[Tutor] Making Doubly Linked List with Less Lines of Code.

WolfRage wolfrage8765 at gmail.com
Fri Jan 2 17:37:12 CET 2015


On 01/02/2015 02:21 AM, Steven D'Aprano wrote:
> What is the purpose of the **kwargs? It doesn't get used, it just
> silently ignores them.

Hopefully you got the answer for this from the previous message.
>
> Why does the GameTile record the coordinates as strings?

Hopefully you got the answer for this from the previous message.
>
> Your lookup_node method returns a GameTile or False on failure:
>
>      def lookup_node(self, x, y, ):
>          if not self.check_bounds(x, y):
>              return False
>          return self.grid[y][x]
>
> I'm not sure about that design. I wonder whether it would be better to
> return None, or raise an exception.
What would you suggest this code does on error, when the Node looked up 
is out of bounds?

Latest copy of the code. I think I got every ones suggestion.

import sys


class GameTile():
     def __init__(self, col, row, **kwargs):
         # id is (X,Y)
         self.id = str(row) + ',' + str(col)
         self.col = col
         self.row = row

     def __str__(self):
         return '%d, %d' % (self.col, self.row)


class GameGrid():
     def __init__(self, cols=8, rows=7, **kwargs):
         self.cols = cols
         self.rows = rows
         self.make_grid()

     def make_grid(self):
         # grid is 2d array as x, y ie [x][y].
         self.grid = [[None] * self.cols for i in range(self.rows)]
         for row in range(self.rows):
             for col in range(self.cols):
                 self.grid[row][col] = GameTile(row=row, col=col)

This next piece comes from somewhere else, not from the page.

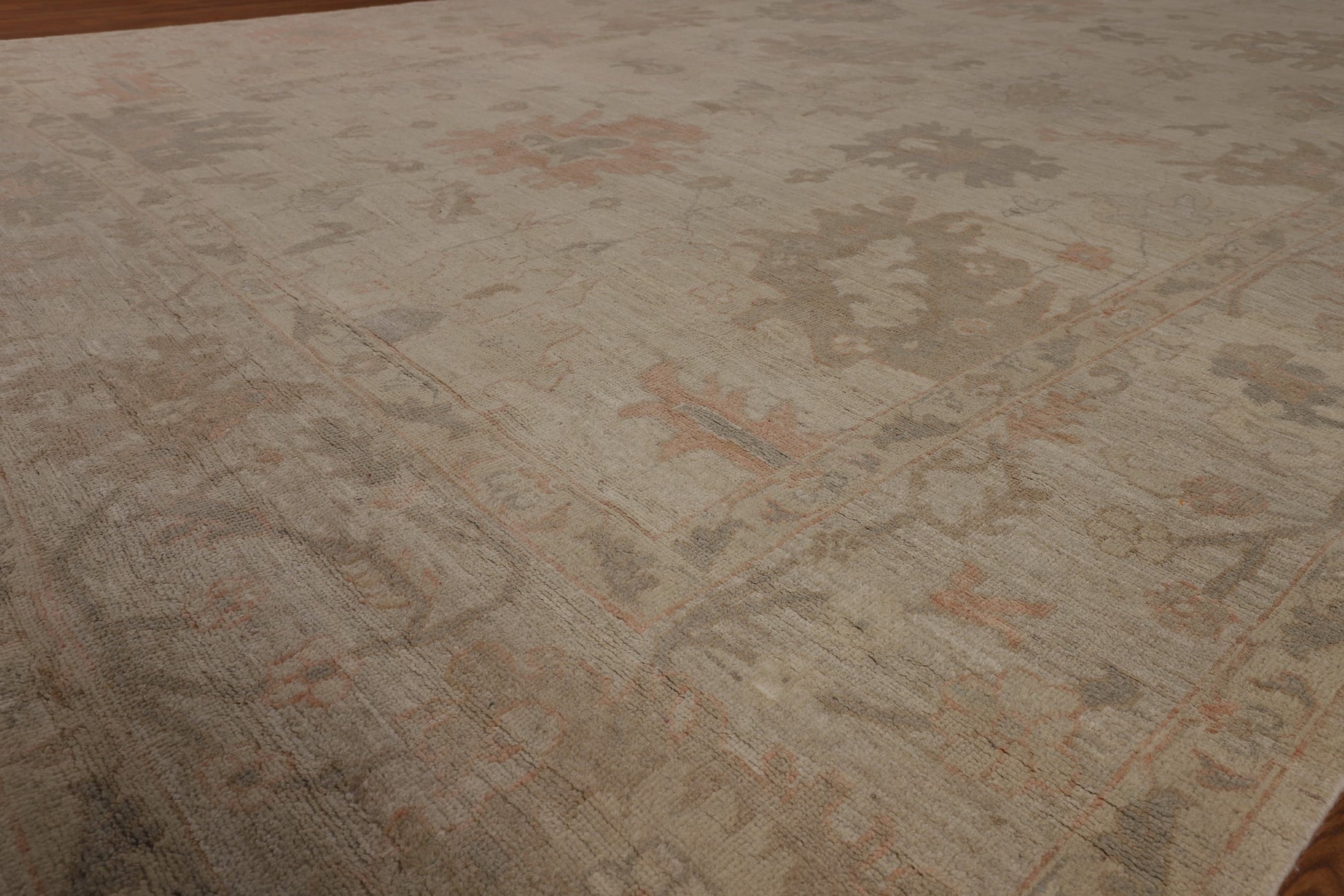 A Beautiful Genuine Turkey Oushak rug is Hand Knotted by skillful weavers in Turkey with 100% Wool Material. This rug is in New, First Quality condition. dimensions are 13' 5'' X 9' 7'' in foot and 409 X 292 in centimeter. the primary color is Beige & Ivories.

     def print_by_row(self):
         for col in self.grid:
             for row in col:
                 print(row)

     def print_by_col(self):
         for row in self.grid:
             for col in row:
                 print(col)

     def check_bounds(self, x, y):
         return (0 <= x < self.rows) and (0 <= y < self.cols)

     def lookup_node(self, x, y):
         if not self.check_bounds(x, y):
             return False
         return self.grid[x][y]

     def draw(self):
         for col in self.grid:
             print(end='| ')
             for row in col:
                 print(row, end=' | ')
             print()


grid = GameGrid(3, 3)
grid.draw()
print(sys.getsizeof(grid.grid))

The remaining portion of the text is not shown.